Let us call a function $f : P_{+}(S) \to S$ a choice function if $f(T) \in T$ for all $T$. You are asking how to construct a choice function for an uncountable $S$, for some vague notion of "construct". It looks like you are out of luck because such a function gives us a well-ordering of $S$. For example, we have:

Theorem: (ZF) A set $S$ has a choice function if, and only if, it can be well-ordered.

Proof. This is well known. In one direction, if $\leq$ is a well-ordering of $S$, define a choice function $f(T) = \min_{\leq} T$. Conversely, suppose there is a choice function $f$. Consider the family $W$ whose elements are $(T, {\leq})$ where $T \in P_{+}(S)$ and $\leq$ is a well-ordering of $T$. Order $W$ by "is an initial segment of". Then $W$ is a chain complete poset. Using $f$ we may define a progressive function $g : W \to W$ by:

  • if $T = S$ then let $g(S, {\leq}) = (S, {\leq})$,
  • if $T \neq S$ then let $g(T, {\leq}) = (T \cup \lbrace f(S \setminus T) \rbrace, {\leq}')$ where ${\leq}'$ is $\leq$ with $f(S \setminus T)$ attached at the end.

By the Bourbaki-Witt theorem $g$ has a fixed point. But this can only be a well-order of $S$, by definition of $g$. QED.

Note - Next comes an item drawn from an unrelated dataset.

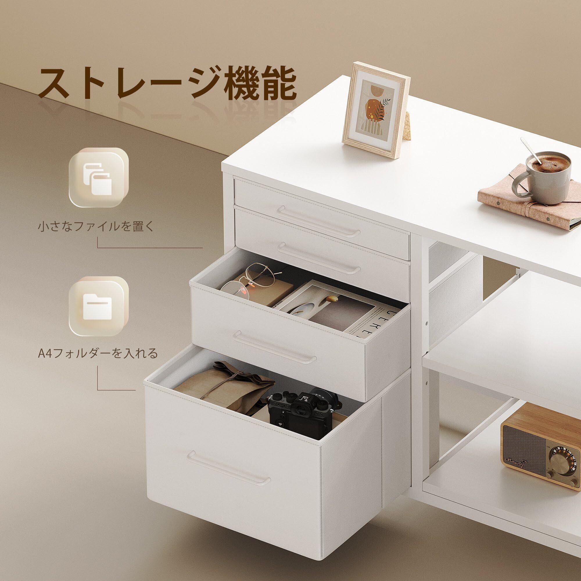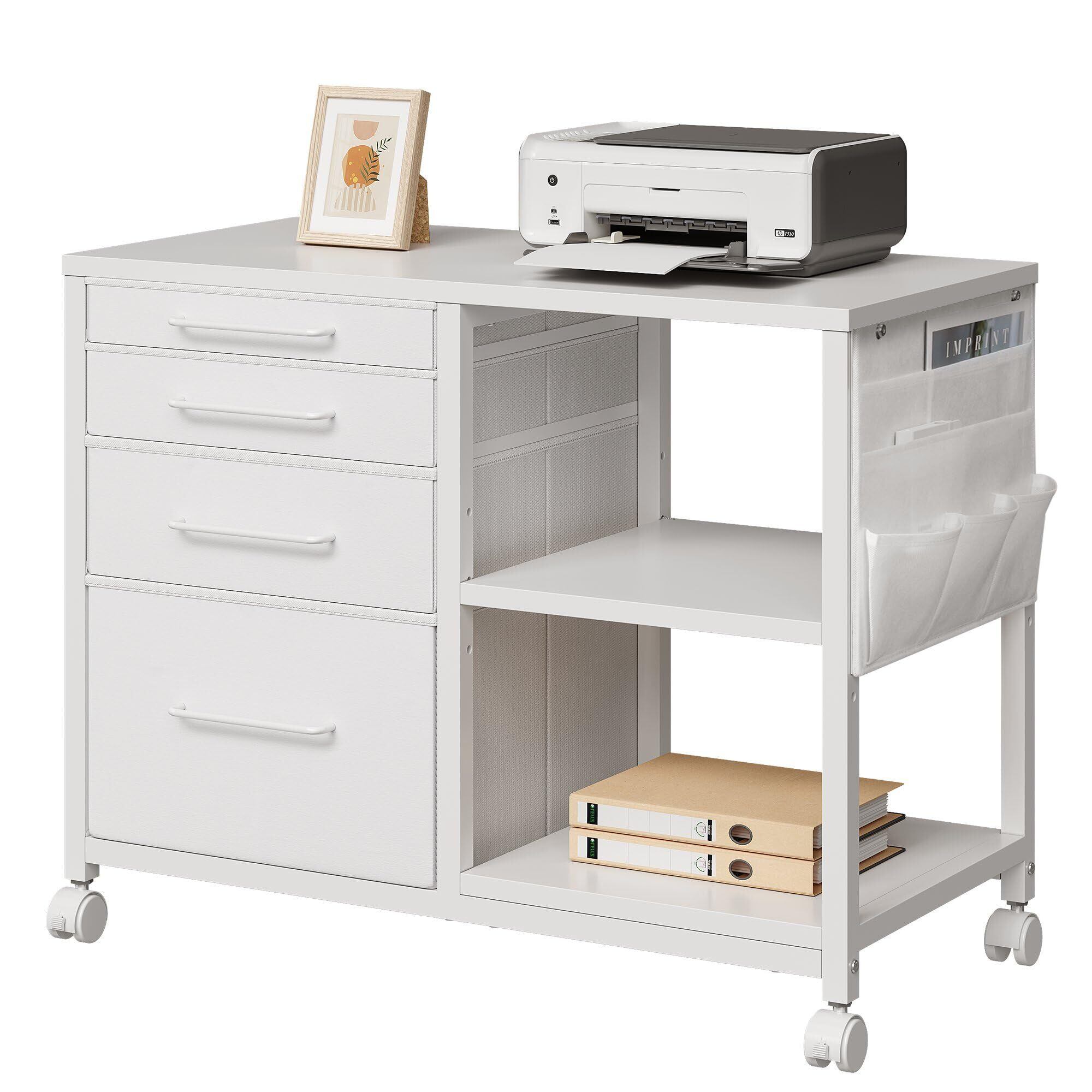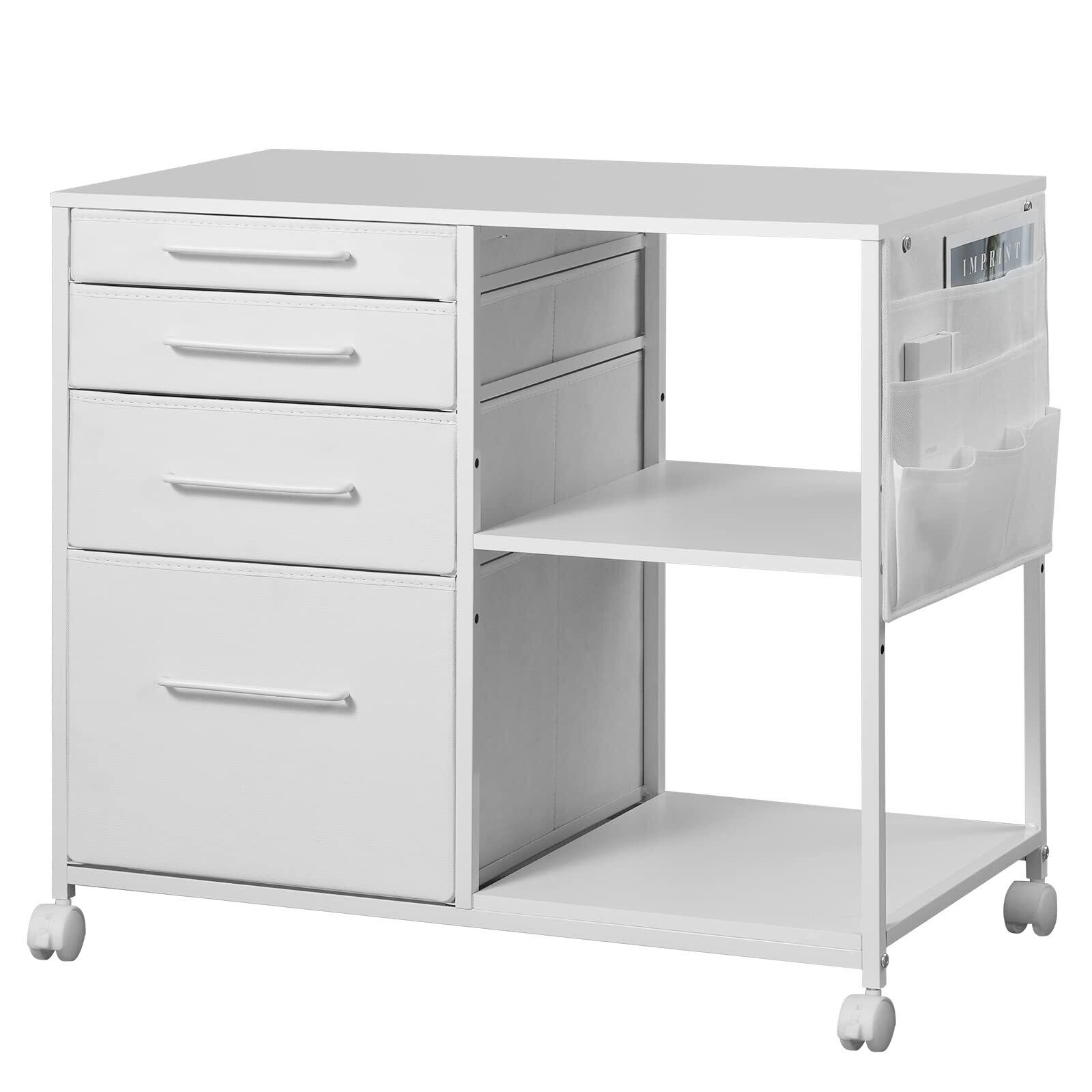 サイドキャビネット デスクワゴン 布製 袖机 層板付き サイドワゴン 4段 オフィスワゴン A4対応 プリンター台 大容量 キャスター付き デスク下収納 幅750*奥行400*高さ650mm 白い

This is not the end of the story, however. It is conceivable that we could have an "explicit" choice function which does not give an explicit well-orering because it passes through the proof of the Bourbaki-Witt theorem. Every proof I am aware of does something obfuscating.

So there are two questions:

  1. How to make the following question precise: Does every choice function give an explicit description of a well-order in terms of the function?
  2. Does the question have a positive answer?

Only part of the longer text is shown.